**Supplied records**
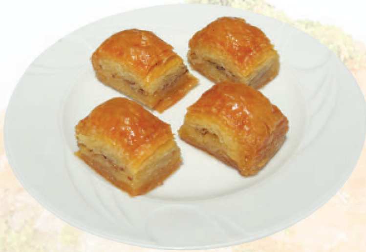
Baklava 500 ₺
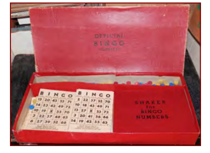
COLLECTIBLE BINGO SET
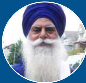
KESH unshorn hair

A turban is a long piece of cloth tied over uncut hair that signifies equality and sovereignty. Turbans can be worn by men and women, though men wear them more often.
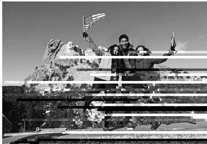
More than 1000 UQ students participated in UQ's international exchange program. (Caption text is partially obscured by a large, faint watermark in the original image.)
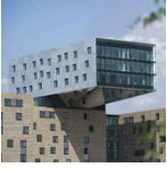
› Nhow Hotel
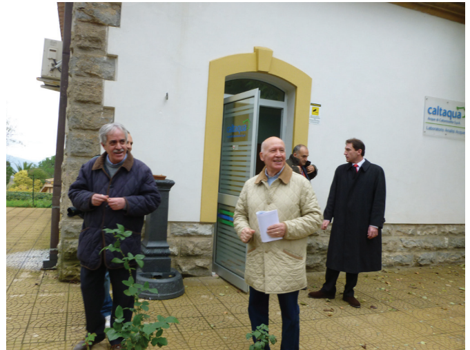
Several visitors next to the gate to the facilities.

**Task brief**
The answer must repeat every record exactly, with all pictures left out.

**Answer for the task**
Baklava 500 ₺
COLLECTIBLE BINGO SET
KESH unshorn hair

A turban is a long piece of cloth tied over uncut hair that signifies equality and sovereignty. Turbans can be worn by men and women, though men wear them more often.
More than 1000 UQ students participated in UQ's international exchange program. (Caption text is partially obscured by a large, faint watermark in the original image.)
› Nhow Hotel
Several visitors next to the gate to the facilities.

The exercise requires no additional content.